The Company Secretary oversees the following functions:

  1. Principal Functions
  2. Corporate Governance
  3. Investor Relations

Principal Functions:
The functions of a Company Secretary include issuance of notices convening meetings: four quarterly Board of Directors meeting, four Audit Committee meetings and one Annual General Meeting. Other principal functions of a Company Secretary include but are not limited to the following:

  1. Co-coordinating Board/Committee meetings and follow-up action thereof.
  2. Preparation of the Board/Committee members’ agenda for the meetings including information updates, background detail explanations of issues to be discussed/reminder of previous discussions at the last meeting.
  3. Maintaining statutory registers in accordance with the provisions of the Companies and Allied Matters Act (CAMA).
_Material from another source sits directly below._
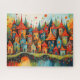 Uma cidade de conto de fadas de fantasia colorida. Esta quebra-cabeça única promete prazer artístico e um desafio gratificante
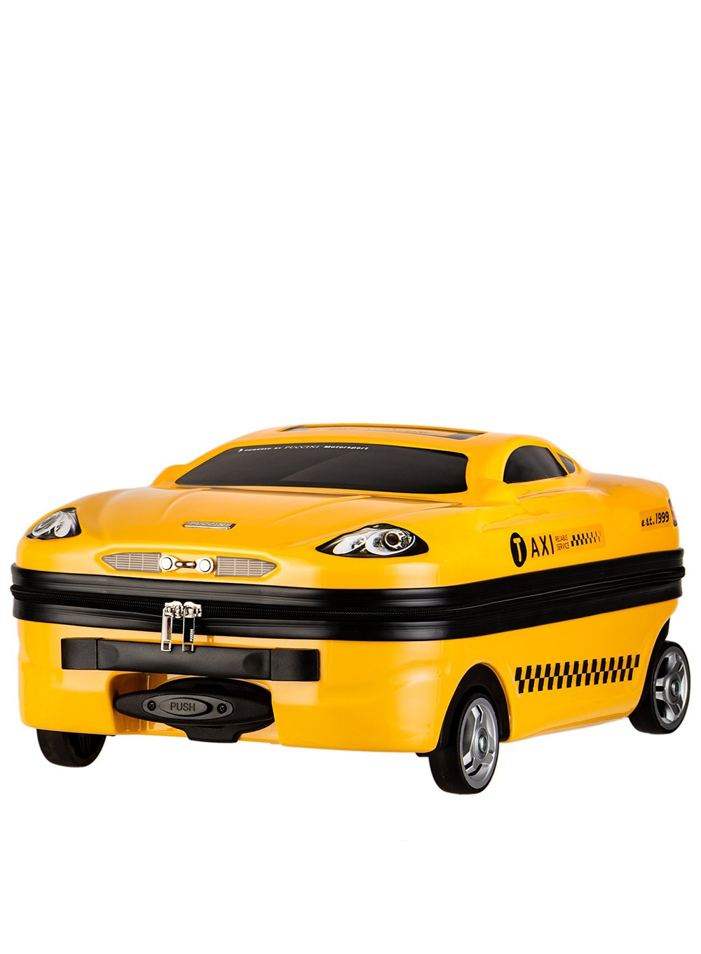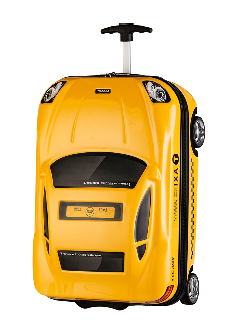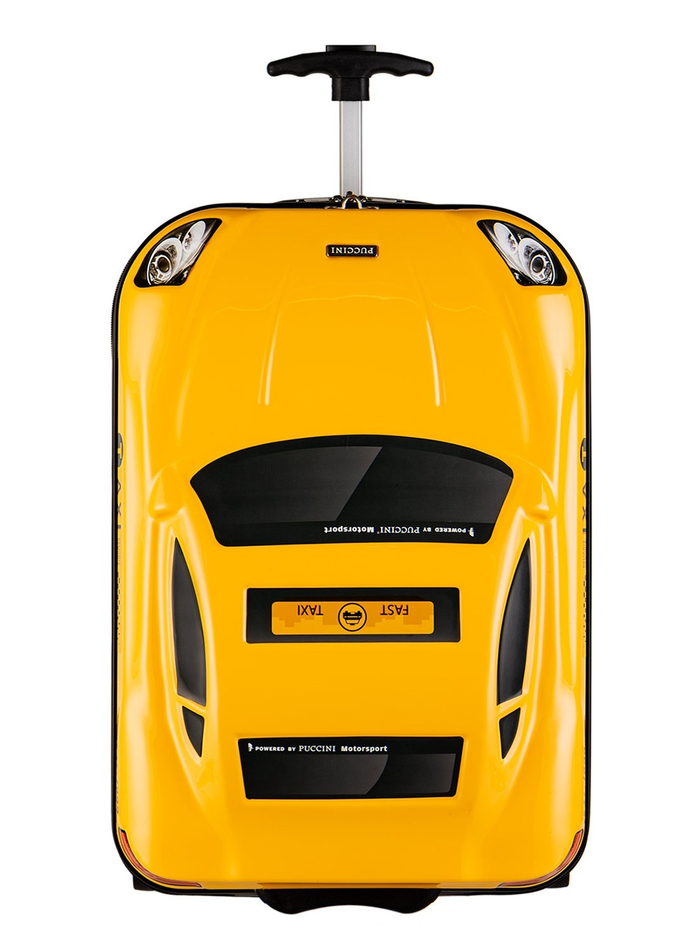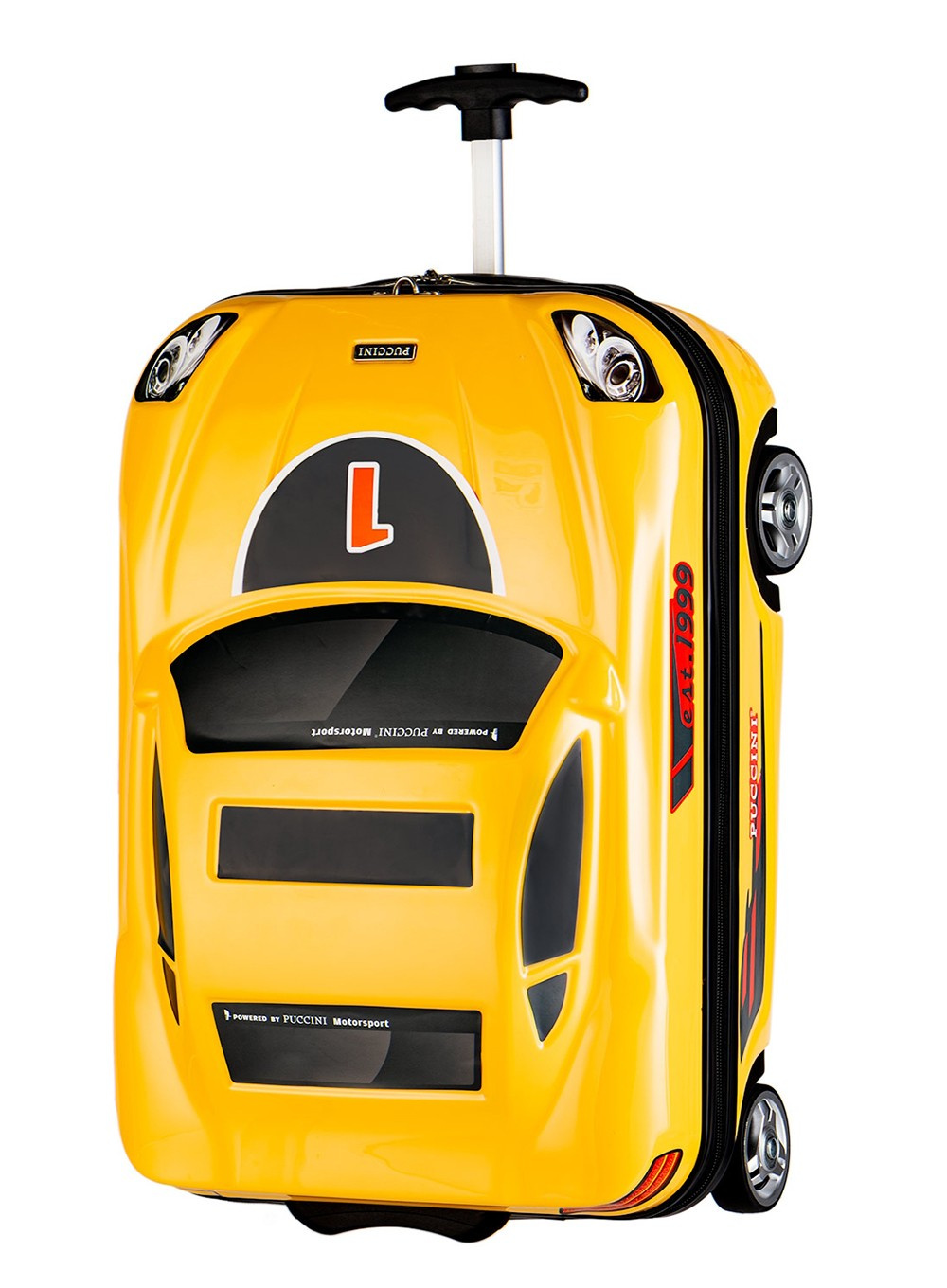 Mała zabawna walizka dziecięca Puccini Dakar w kształcie samochodu. Do każdej walizki dołączone są dwa zestawy naklejek, którymi maluch może ją samodzielnie ozdobić.

Such Registers include the Register of members, Register of Directors and Secretaries and any change thereof, Register of Interest and Shares, Register of Directors Shareholding.
  4. Make statutory returns to the Nigerian Stock Exchange (NSE), Securities and Exchange Commission (SEC) and the Corporate and Affairs Commission (CAC).

Corporate Governance:
The Board is required to play an active role in directing the organization. Although they may not be playing an active role in the daily operational issues, the Board is expected to be vigilant in ensuring that management is implementing the direction of the Board. It is the function of the Company Secretary amongst other things to:

  1. Ensure the development of compliance with and periodic review of the company’s governance policies and practices.
  2. Ensures that the Company discloses material information on a timely basis and in a transparent manner.
  3. Supports the Board of Directors by organizing Board meetings. Channeling information to and from the Board and advising on Corporate Governance.
  4. Protects shareholders rights by organizing a proper GMS, liaising during control transactions and helping to resolve corporate conflicts.
  5. Resolves organizational maters for Board Meetings.
  6. Explains the procedural requirements of laws the charter and by-laws of the Company within the scope of its authority.
  7. Conducts induction training for newly elected directors.
  8. Assist directors in accessing information and familiarizes them in corporate documentation.

Investor Relations:
These functions include but are not limited to:

  1. Ensure in conjunction with the Company’s registrars that shareholders accounts are regularly updated.
  2. Liaising with the company registrars in the registration and transfer of company shares.
  3. Prompt response to letters and correspondences received from shareholders and investors.
  4. Presentation of shareholders complaints to company registrar and ensuring that complaints are resolved timeously.
  5. Ensure prompt payment of Shareholders unclaimed dividend.
  6. Advising the Board on investor’s related issues.